Her smile is so genuine, it lights up her beautiful face. I start to release some of the panic that was building inside me from just her presence here. How does she do that?

She must've caught my panic-stricken face when she entered the room because she picks up her pace as she makes her way over to me and grabs my hand and bicep.  Yes! Keep doing that, my other arm too, and my body. Hold me so it doesn't feel like my arms and legs are falling off. Fuck! Where's Emma?

"Are you ok? Are you in any pain?" She asks me. I can't tell her I want her to embrace me, she'll think I'm crazy and it wouldn't be appropriate.

" I... I didn't sleep well," I respond instead. I don't know how to explain to her that it's not the pain that's bothering me. There are no words to accurately describe what is happening to me.

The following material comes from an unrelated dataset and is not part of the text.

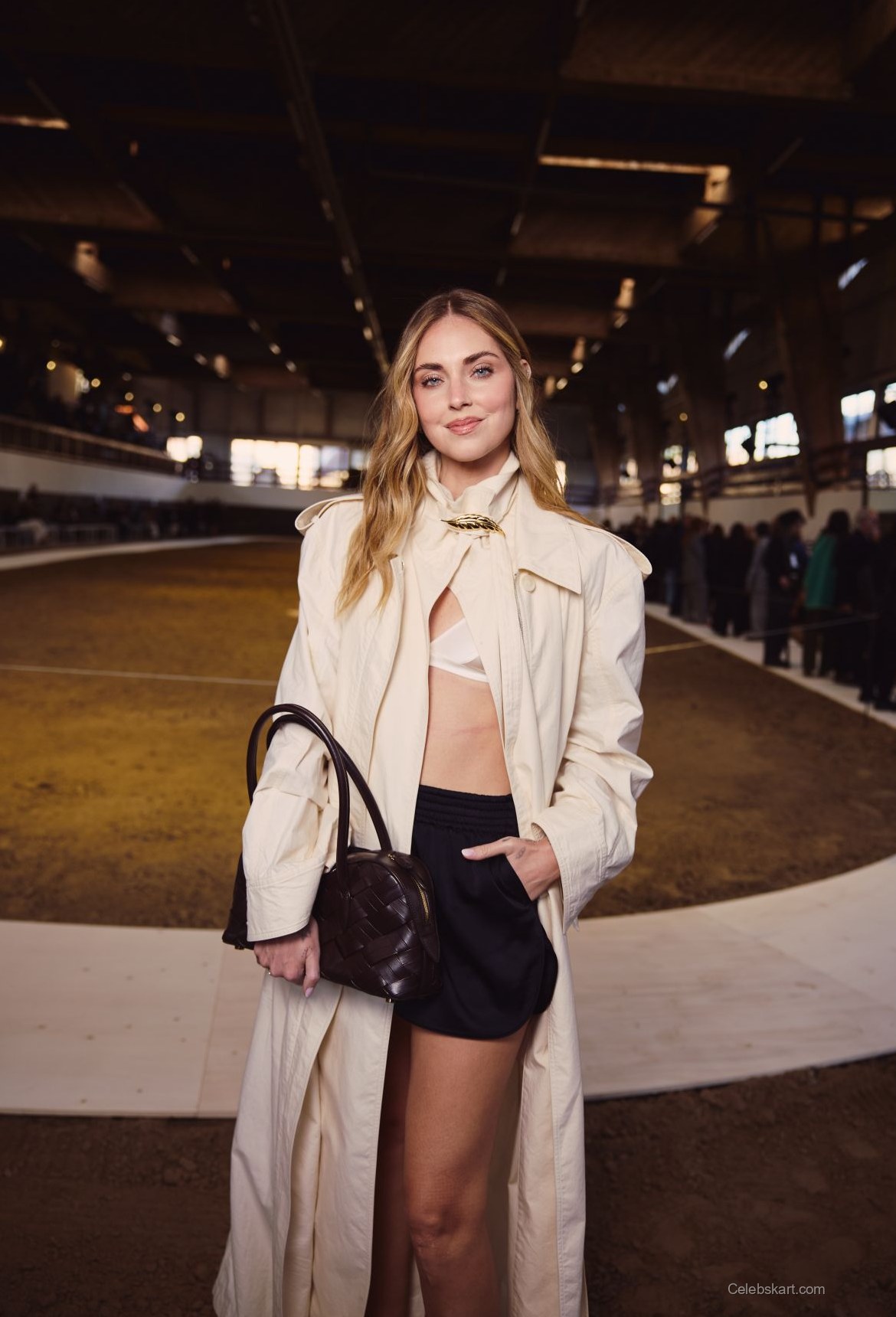 As she posed for cameras at the event, Chiara exuded confidence. With her hair cascading in soft waves, she maintained an effortless yet polished look. The background buzzed with activity, capturing the essence of Paris Fashion Week as attendees admired the innovative designs on display. Chiara's smile radiated warmth, creating an inviting atmosphere for fans and photographers alike. Notably, she held a stylish brown handbag that complemented her outfit beautifully, encapsulating her ability to balance chicness and functionality.

"I brought you your breakfast. Emma called to say she's coming in early, so I thought she could help you this morning?" Her thoughtful multi-colored eyes are peering into mine, waiting for me to say something. Emma better hurry up.

"Thank you," is all I muster.

Charlotte sets up the food tray in front of me and says, "I will be back a little later, I have a few other people I have to see this morning." No, don't leave. I don't want to be alone, I don't want to be in this bed, I don't want to be paralyzed.

And like a paranoid idiot, I frantically ask, "When do you think you'll be back?"

My chest feels tight and my voice is shaky. I know I must look desperate, but I need her to stay, I need the calm feeling she brings into my room.

She firmly places her hand on my right shoulder as if she knows applying pressure seems to help me, although I need much more than that to fix what's going on with my body. Her reassuring words lightly flow from her mouth, "I promise I will see you again by lunch time."

I watch Charlotte start to leave my room only to hear her voice again, this time she's speaking to Emma right outside my door.

Why is Emma just standing at my door? How long has she been standing there? She needs to be in here with me, I need her more than ever now.

Emma finally walks in, cautiously assessing her surroundings, eying me up and down. Charlotte is guiding her further into my room. She's walking too slow, like she is afraid of something. Why is she acting like this, she's normally confident and demanding, today she's anything but. I'm happy she's here, but I don't like seeing her timid like this. Her solemn mood is already killing me. Get in here and wrap your arms around me!